**DATA PROVIDED:**
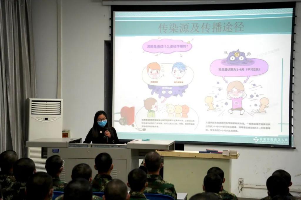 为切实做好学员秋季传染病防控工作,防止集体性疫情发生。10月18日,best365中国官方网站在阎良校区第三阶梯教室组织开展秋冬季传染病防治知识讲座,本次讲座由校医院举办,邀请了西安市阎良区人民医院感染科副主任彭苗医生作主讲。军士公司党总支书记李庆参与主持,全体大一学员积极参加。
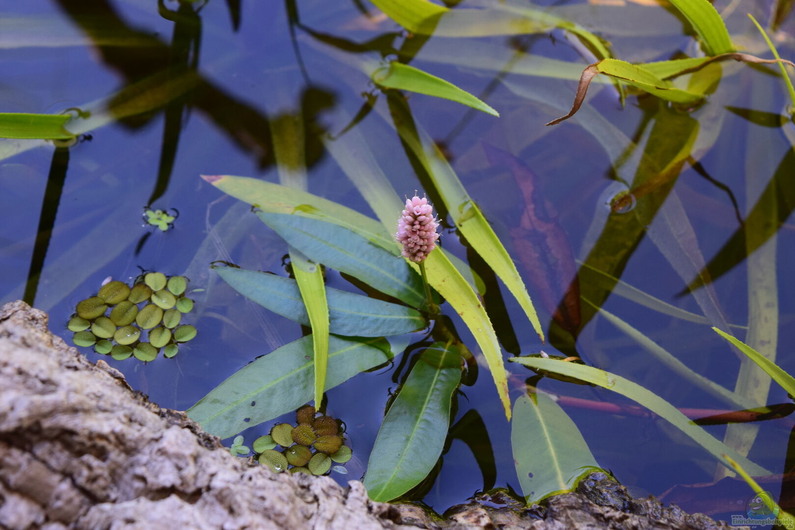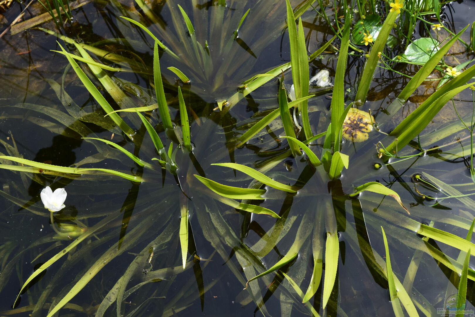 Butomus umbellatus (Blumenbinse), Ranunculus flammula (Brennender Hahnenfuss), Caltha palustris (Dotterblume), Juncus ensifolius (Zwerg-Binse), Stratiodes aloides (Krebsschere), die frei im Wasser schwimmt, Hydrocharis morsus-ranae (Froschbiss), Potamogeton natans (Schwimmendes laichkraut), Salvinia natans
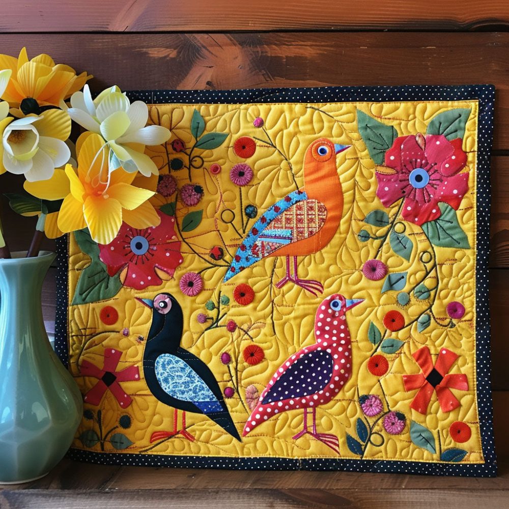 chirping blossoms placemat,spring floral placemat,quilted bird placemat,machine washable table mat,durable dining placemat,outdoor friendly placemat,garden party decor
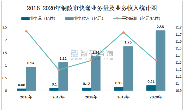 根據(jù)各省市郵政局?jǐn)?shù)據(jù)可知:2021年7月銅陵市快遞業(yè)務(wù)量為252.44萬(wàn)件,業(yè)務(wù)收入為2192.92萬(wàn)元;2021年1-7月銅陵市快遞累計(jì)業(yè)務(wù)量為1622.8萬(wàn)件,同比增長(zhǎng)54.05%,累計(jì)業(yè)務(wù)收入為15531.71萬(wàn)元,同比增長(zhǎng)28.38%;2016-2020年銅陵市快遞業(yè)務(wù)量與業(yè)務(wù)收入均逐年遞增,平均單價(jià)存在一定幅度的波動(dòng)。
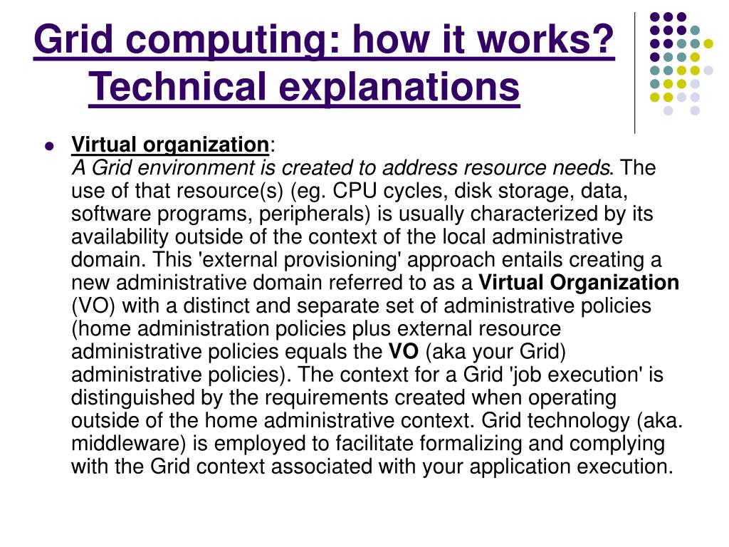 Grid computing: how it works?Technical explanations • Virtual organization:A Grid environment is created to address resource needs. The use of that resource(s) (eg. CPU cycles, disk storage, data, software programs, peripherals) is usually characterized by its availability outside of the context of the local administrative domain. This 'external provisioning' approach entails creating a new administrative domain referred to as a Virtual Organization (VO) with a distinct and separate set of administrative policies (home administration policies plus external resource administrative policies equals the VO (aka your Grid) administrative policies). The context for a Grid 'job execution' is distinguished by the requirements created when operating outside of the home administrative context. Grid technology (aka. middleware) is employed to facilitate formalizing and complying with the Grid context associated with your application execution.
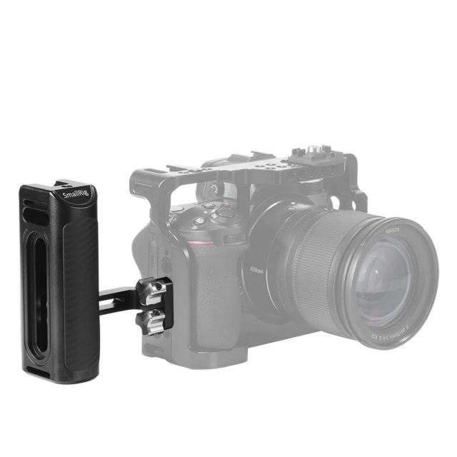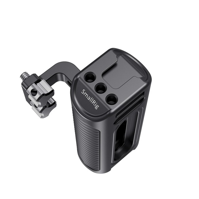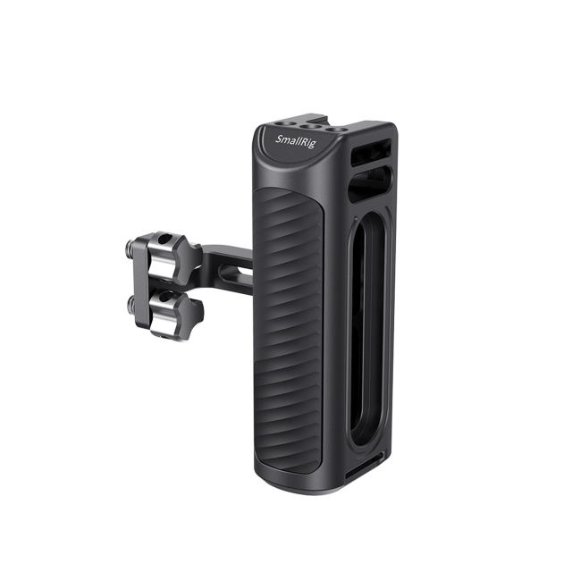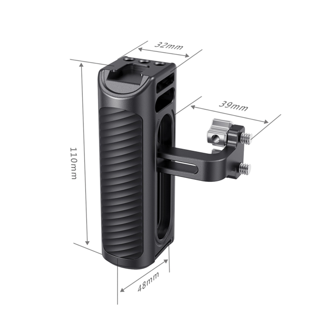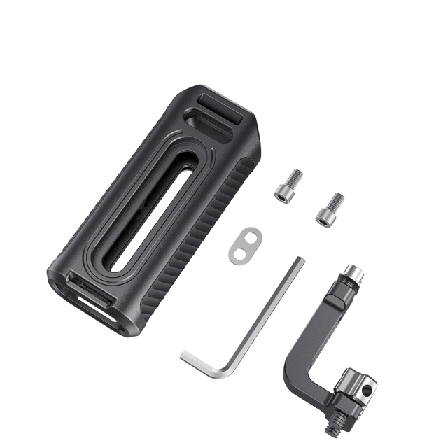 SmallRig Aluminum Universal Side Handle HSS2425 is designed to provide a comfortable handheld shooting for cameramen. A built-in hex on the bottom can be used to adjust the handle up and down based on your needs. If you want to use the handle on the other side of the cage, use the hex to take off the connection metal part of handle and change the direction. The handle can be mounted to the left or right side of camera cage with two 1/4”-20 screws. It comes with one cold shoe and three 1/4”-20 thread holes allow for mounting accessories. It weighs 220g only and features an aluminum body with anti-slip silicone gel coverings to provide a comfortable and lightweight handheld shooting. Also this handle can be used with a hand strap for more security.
==
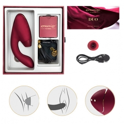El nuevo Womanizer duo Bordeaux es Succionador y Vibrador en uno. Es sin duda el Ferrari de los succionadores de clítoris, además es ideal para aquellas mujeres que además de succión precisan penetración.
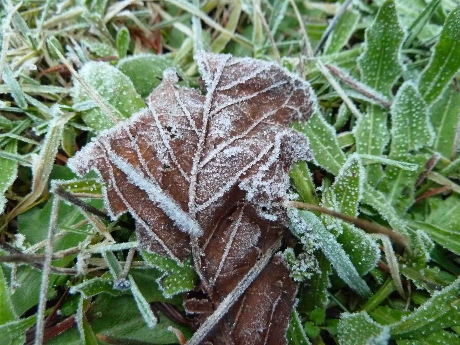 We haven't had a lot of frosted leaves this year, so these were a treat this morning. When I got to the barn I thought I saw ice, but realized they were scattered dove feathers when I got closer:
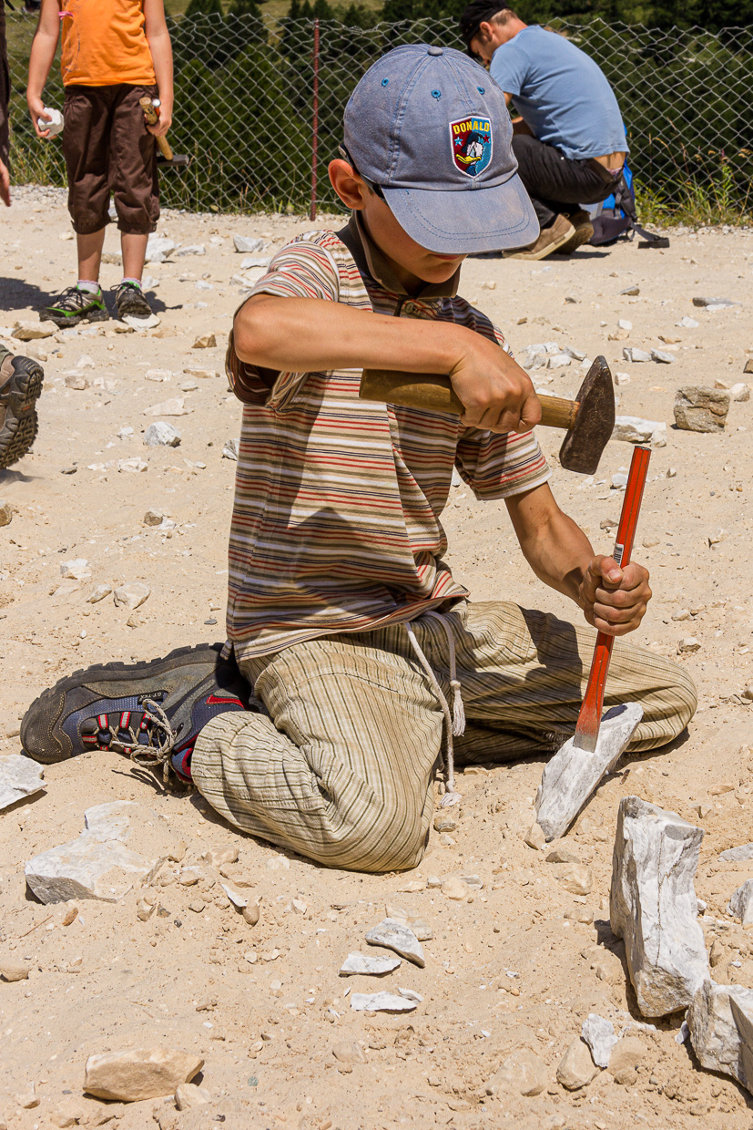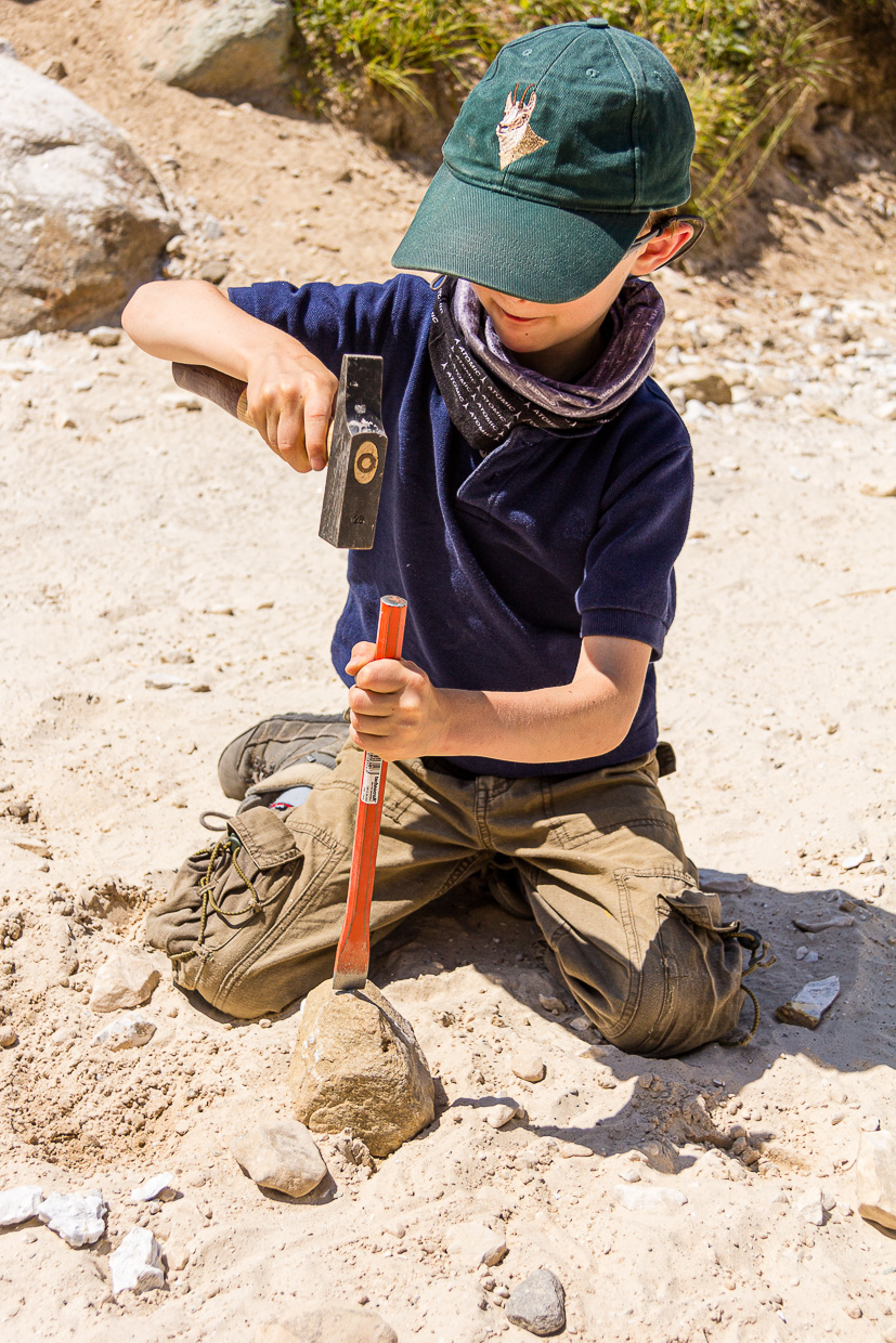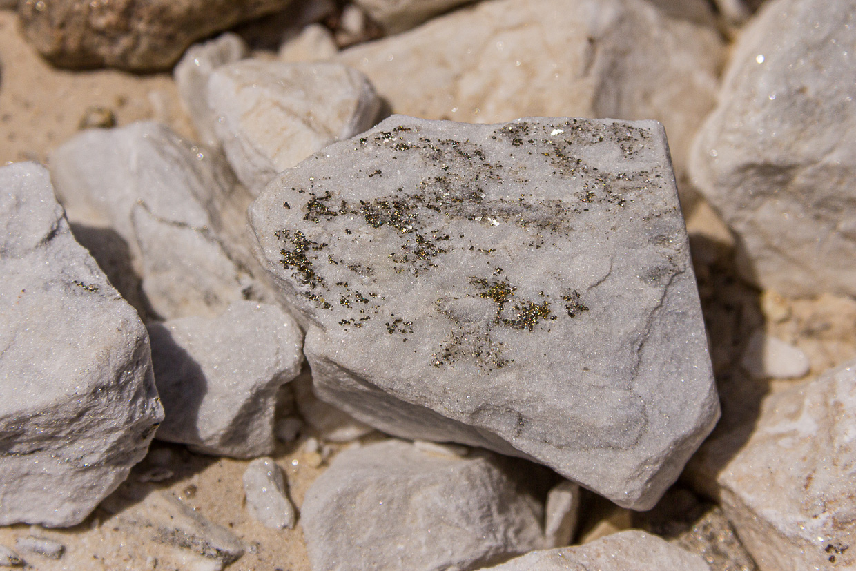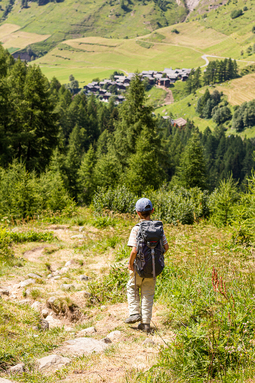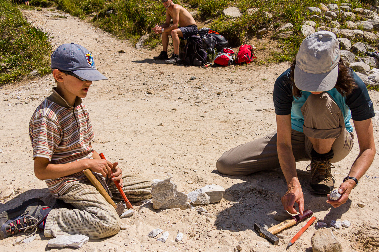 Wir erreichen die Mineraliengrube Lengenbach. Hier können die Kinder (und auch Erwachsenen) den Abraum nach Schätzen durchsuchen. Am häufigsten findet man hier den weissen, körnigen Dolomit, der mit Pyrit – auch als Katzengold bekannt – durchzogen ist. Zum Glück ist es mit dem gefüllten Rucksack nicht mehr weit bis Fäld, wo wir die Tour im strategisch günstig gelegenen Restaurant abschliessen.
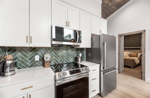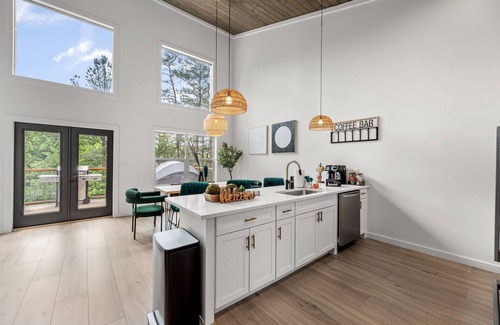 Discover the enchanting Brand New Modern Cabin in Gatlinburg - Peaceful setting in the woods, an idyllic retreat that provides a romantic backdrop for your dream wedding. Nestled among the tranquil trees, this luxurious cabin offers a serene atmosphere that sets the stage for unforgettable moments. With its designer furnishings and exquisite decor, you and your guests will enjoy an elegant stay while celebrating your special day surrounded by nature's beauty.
...
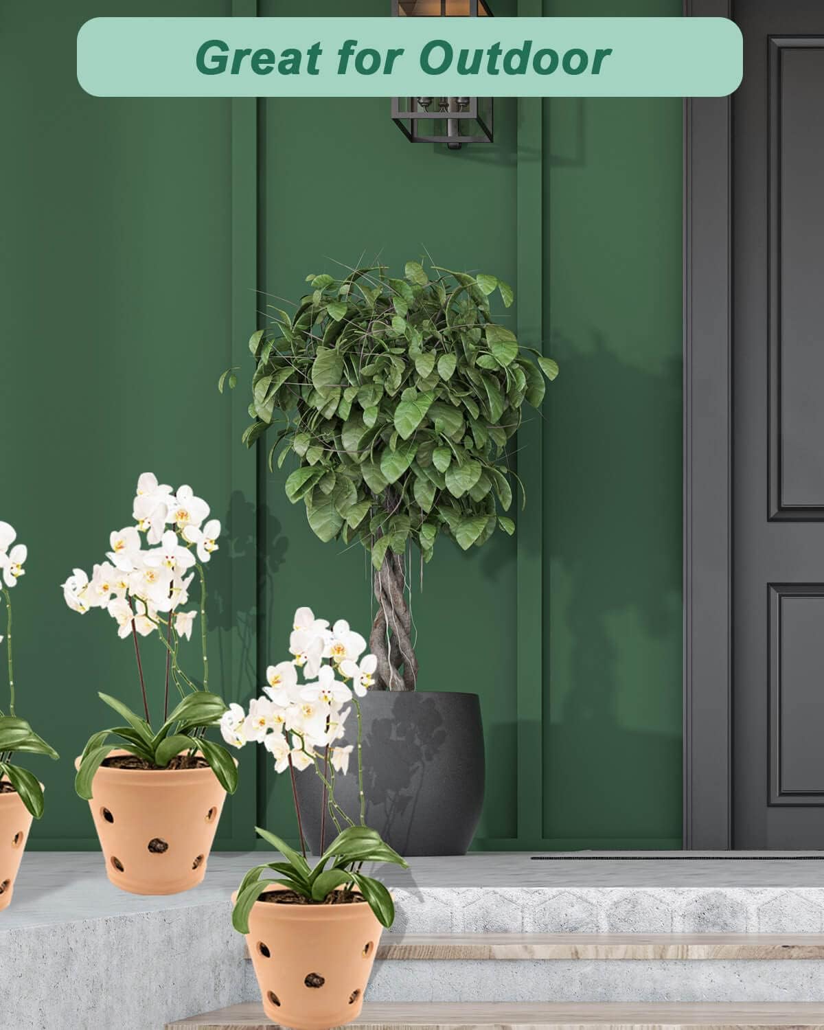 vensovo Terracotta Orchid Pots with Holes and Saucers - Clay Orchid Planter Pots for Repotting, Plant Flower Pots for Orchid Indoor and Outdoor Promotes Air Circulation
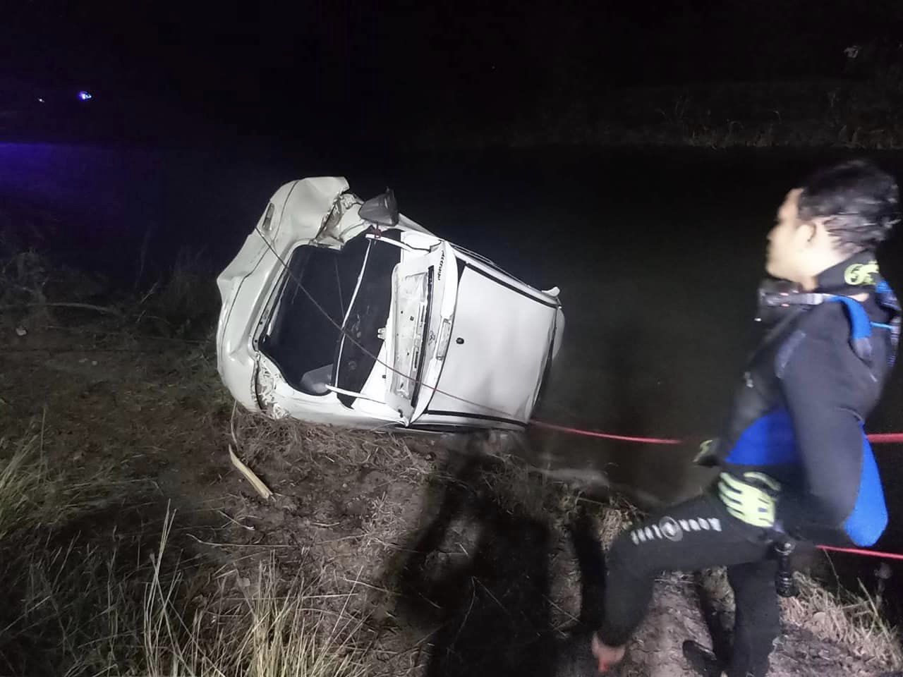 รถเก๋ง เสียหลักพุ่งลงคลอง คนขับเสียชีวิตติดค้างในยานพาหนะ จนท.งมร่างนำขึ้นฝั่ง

**EXERCISE AIM:** The copy should hold only the lines from the one with "We haven't had" through the one with "Discover the enchanting", exactly as they stand above. Leave out the pictures.

**ANSWER SPACE:**
 We haven't had a lot of frosted leaves this year, so these were a treat this morning. When I got to the barn I thought I saw ice, but realized they were scattered dove feathers when I got closer:
 Wir erreichen die Mineraliengrube Lengenbach. Hier können die Kinder (und auch Erwachsenen) den Abraum nach Schätzen durchsuchen. Am häufigsten findet man hier den weissen, körnigen Dolomit, der mit Pyrit – auch als Katzengold bekannt – durchzogen ist. Zum Glück ist es mit dem gefüllten Rucksack nicht mehr weit bis Fäld, wo wir die Tour im strategisch günstig gelegenen Restaurant abschliessen.
 Discover the enchanting Brand New Modern Cabin in Gatlinburg - Peaceful setting in the woods, an idyllic retreat that provides a romantic backdrop for your dream wedding. Nestled among the tranquil trees, this luxurious cabin offers a serene atmosphere that sets the stage for unforgettable moments. With its designer furnishings and exquisite decor, you and your guests will enjoy an elegant stay while celebrating your special day surrounded by nature's beauty.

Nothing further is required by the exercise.